> TRY IT
Wherever a picture appears, skip it and retype the rest of the data exactly.

> COLLECTED DATA

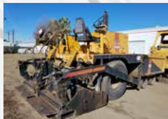
Blaw-Knox PF180H Asphalt Paving Machine
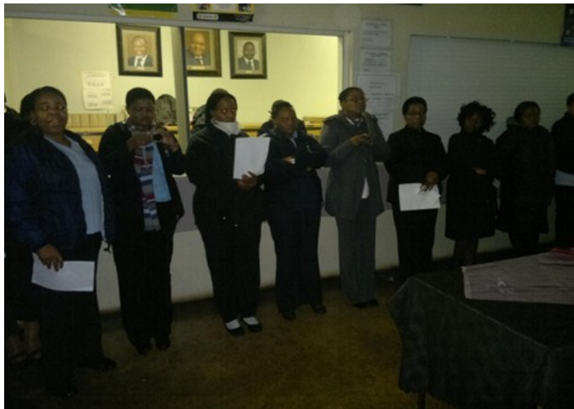
Musical item by Cato Manor staff
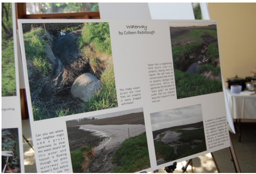
Photo display board.

At the second meeting, participants brought photos to share and told a bit about them. Facilitators asked, “What stories do these photos tell?” and “What stories are missing from these photos?” The group chose a new name for the project: River Stories: Views from a Watershed. This title was apt because two project participants were from the Des Moines River Watershed, and the group wanted to emphasize ties to both the Des Moines and Raccoon Rivers.

> EXPECTED OUTPUT
Blaw-Knox PF180H Asphalt Paving Machine
Musical item by Cato Manor staff
Photo display board.

At the second meeting, participants brought photos to share and told a bit about them. Facilitators asked, “What stories do these photos tell?” and “What stories are missing from these photos?” The group chose a new name for the project: River Stories: Views from a Watershed. This title was apt because two project participants were from the Des Moines River Watershed, and the group wanted to emphasize ties to both the Des Moines and Raccoon Rivers.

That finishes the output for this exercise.